Spanish Debt Fears Sour Markets Across Europe
Stock markets across Europe have taken a hammering as investors sense Spain needing both a bank and government bailout.
In early Monday trading Spanish 10-year bond yields shot up to as much as 7.56%, as markets in Europe and Asia come under increasing strain amid the eurozone debt crisis.
Spain's economy minister Luis de Guindos ruled out that the country could need a full-scale bailout, as the yield rates - the government borrowing cost - reached the highest level since creation of the euro.
Asked about this possibility on the sidelines of a congress hearing about the European aid to ailing Spanish lenders, Mr De Guindos said: "Absolutely not."
However the markets were not impressed and the Spanish Ibex stock exchange at first lost 5%, the Greek market plunged by 6%, while in Italy it dropped by 3.77% as the CAC 40 in Paris lost 2%.
By late afternoon the Ibex eased to close 1.1% down and Italy's Mib off 2.76%. The CAC 40 dropped 2.89% and Germany's Dax was hit by 3.18%.

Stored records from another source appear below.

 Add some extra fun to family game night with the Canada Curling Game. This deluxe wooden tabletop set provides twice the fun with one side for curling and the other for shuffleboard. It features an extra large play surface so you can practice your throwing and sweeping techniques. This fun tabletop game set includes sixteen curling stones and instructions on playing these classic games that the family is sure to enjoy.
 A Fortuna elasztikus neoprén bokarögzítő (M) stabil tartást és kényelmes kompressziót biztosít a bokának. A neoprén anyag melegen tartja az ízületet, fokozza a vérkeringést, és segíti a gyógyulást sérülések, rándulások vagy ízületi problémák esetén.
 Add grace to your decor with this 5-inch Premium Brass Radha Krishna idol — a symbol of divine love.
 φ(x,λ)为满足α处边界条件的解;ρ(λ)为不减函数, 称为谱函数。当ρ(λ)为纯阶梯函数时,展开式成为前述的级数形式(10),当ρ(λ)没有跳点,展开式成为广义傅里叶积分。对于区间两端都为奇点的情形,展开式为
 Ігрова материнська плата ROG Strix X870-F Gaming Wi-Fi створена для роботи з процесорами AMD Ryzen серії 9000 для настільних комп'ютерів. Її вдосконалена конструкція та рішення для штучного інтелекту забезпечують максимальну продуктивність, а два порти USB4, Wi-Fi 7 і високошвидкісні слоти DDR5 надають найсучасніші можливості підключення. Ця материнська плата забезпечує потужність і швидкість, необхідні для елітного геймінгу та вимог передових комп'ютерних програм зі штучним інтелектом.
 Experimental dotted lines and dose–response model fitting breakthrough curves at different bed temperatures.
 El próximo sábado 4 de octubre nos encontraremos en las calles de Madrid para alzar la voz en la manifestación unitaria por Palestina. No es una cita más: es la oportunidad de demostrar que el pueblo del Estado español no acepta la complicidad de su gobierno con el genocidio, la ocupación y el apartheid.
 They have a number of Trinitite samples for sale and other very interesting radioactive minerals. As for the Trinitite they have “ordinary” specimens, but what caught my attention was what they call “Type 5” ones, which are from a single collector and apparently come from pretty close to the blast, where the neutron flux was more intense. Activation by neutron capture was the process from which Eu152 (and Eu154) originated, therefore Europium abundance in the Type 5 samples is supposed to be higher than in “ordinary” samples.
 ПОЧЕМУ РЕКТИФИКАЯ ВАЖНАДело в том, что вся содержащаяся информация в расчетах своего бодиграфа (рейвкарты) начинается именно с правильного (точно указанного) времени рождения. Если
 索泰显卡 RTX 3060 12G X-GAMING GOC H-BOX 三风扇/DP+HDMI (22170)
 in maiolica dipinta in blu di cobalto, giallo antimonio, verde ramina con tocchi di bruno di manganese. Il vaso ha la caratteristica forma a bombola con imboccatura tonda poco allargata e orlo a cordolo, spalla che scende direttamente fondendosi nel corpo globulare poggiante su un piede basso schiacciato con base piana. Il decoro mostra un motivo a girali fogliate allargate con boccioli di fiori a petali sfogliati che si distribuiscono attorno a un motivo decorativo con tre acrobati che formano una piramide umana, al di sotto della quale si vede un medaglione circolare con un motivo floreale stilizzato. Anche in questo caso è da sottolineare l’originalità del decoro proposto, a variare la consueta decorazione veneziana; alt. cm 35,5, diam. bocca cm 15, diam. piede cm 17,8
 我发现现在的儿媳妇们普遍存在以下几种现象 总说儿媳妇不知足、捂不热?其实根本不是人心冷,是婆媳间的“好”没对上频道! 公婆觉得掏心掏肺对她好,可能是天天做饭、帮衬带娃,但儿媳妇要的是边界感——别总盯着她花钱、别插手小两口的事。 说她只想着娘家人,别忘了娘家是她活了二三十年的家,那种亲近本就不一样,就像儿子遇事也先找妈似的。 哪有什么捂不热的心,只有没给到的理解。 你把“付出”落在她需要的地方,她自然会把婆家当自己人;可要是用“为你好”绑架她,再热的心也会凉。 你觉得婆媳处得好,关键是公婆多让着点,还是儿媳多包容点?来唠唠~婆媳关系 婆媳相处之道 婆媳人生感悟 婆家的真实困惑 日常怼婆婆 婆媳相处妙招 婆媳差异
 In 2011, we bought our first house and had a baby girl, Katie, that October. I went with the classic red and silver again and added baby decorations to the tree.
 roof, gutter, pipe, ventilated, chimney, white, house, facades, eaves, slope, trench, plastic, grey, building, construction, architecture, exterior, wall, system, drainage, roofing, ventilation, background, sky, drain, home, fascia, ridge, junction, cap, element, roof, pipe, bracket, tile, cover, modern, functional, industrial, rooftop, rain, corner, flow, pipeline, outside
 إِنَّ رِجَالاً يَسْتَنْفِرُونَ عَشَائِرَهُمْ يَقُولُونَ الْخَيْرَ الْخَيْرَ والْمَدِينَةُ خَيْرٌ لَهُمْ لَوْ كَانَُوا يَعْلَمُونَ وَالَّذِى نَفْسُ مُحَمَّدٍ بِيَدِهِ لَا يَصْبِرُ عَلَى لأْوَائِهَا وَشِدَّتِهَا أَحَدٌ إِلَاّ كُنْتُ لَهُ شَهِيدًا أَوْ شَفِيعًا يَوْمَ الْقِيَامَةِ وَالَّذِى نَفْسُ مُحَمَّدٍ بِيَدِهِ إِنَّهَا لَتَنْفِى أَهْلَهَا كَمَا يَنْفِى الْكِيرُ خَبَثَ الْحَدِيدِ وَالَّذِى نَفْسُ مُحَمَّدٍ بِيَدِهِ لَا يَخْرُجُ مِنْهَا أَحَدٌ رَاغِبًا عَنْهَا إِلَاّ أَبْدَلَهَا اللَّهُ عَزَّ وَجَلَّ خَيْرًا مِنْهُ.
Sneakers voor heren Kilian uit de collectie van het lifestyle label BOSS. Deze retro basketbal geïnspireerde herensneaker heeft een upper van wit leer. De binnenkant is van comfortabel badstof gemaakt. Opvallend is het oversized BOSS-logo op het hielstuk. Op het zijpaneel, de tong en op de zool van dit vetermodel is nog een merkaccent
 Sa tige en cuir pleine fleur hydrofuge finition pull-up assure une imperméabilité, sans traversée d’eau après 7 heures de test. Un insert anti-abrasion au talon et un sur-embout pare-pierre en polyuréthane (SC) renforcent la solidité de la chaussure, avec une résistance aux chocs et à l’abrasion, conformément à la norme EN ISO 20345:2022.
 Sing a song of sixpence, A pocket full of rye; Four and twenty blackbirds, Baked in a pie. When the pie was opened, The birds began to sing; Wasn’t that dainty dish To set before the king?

The London FTSE 100 closed at 2.09% down and there were no risers in the day.
Biggest fallers were Evraz, down 6.9%, Aviva at 6.6%, Vedanta off 5.1%, Hargreaves Lansdown losing 4.6% and Petrofac down 4.4%.
In response to the dramatic sell-off Italy's exchange regulator announced a ban on short-selling of stocks, which is expected to last until Friday, and Spain followed the Italian lead to institute a three-month ban of short selling all stocks
Although German officials tried to calm markets its finance minister Wolfgang Schaeuble then announced a decision to meet Mr de Guindos on Tuesday.
Adding to the suspicion of eurozone disunity, the European Commission announced that the next bailout tranche aid for Greece is unlikely to be paid before September.
The market strain comes as the Bank of Spain said the country's economy contracted by 0.4% on a quarterly basis in the three months from April to June, having contracted by 0.3% in the first quarter of the year.
In a monthly report the central bank also estimated the economy contracted by 1.0% on an annual basis, compared with a fall of 0.4% in the preceding quarter.
Bank of Spain deputy governor Fernando Restoy said the solution to the current debt crisis was to make more cuts, more reforms, and more mechanisms to strengthen the eurozone economy.
"Current market problems reflect problems in Spain as well as the eurozone," he said.
The Spanish market slide has occurred as the autonomous region of Valencia asked for a lifeline from central government after running out of money, and the Murcia region reportedly sought 300m euro (£233m) help.
On Friday, eurozone finance ministers held a conference call to approve an aid package for Spanish banks of up to 100bn euro (£77bn).
But by late Friday afternoon the Ibex dropped by as much as 5.8%. Italy's Mib was down by as much as 4.5%. In London, the FTSE 100 closed 1.09% down and the Dow Jones was off 0.93%.
Meanwhile, the euro reached an 12-year low against the yen as Asian investors moved out of the troubled currency, and the Nikkei closed 2.99% down and the Hang Seng ended 1.86% lower on Monday.